**Exercise objective:** Retype exactly what runs from the first line of the data to the line with "Quarto de Bebê", keeping both of those lines and skipping pictures.

(Beginning of Source material)

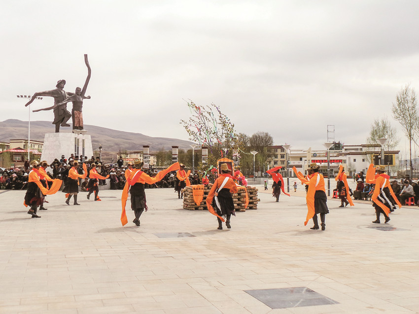 座落在雅礱江畔的甘孜縣,春天是十分美麗的,當江水解除冰凍,大山披綠的時候,會聽到滿山的布谷鳥鳴唱,草原上鮮花盛開。踢踏舞動的銅鈴聲極像草原吟唱的歌喉,讓人聞之心醉,醉在那走向春天的踢踏。
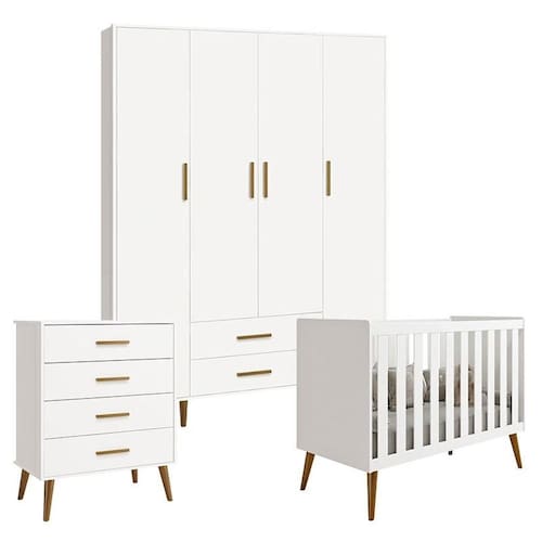 Quarto de Bebê Isis 4 Portas com Gaveteiro Branco Acetinado - Reller
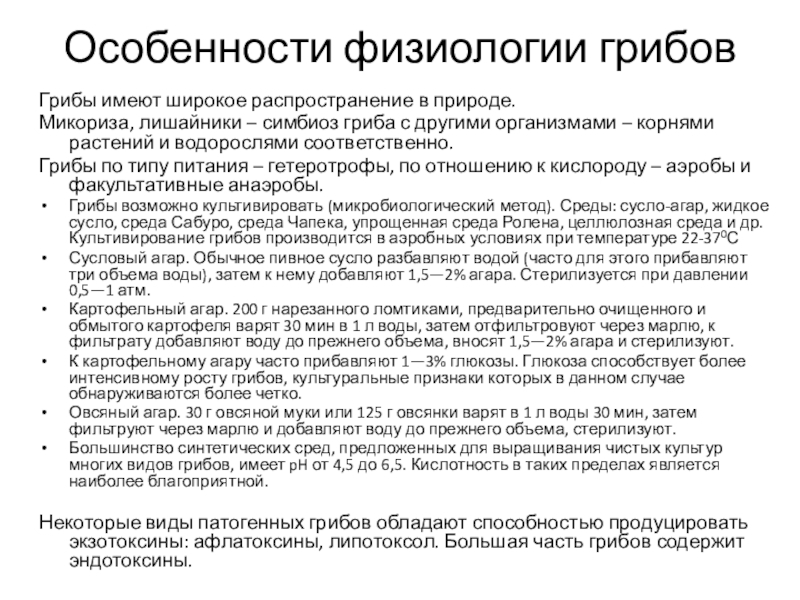 Большинство синтетических сред, предложенных для выращивания чистых культур многих видов грибов, имеет pH от 4,5 до 6,5. Кислотность в таких пределах является наиболее благоприятной.

(End of Source material)

**Solution to this task:**
 座落在雅礱江畔的甘孜縣,春天是十分美麗的,當江水解除冰凍,大山披綠的時候,會聽到滿山的布谷鳥鳴唱,草原上鮮花盛開。踢踏舞動的銅鈴聲極像草原吟唱的歌喉,讓人聞之心醉,醉在那走向春天的踢踏。
 Quarto de Bebê Isis 4 Portas com Gaveteiro Branco Acetinado - Reller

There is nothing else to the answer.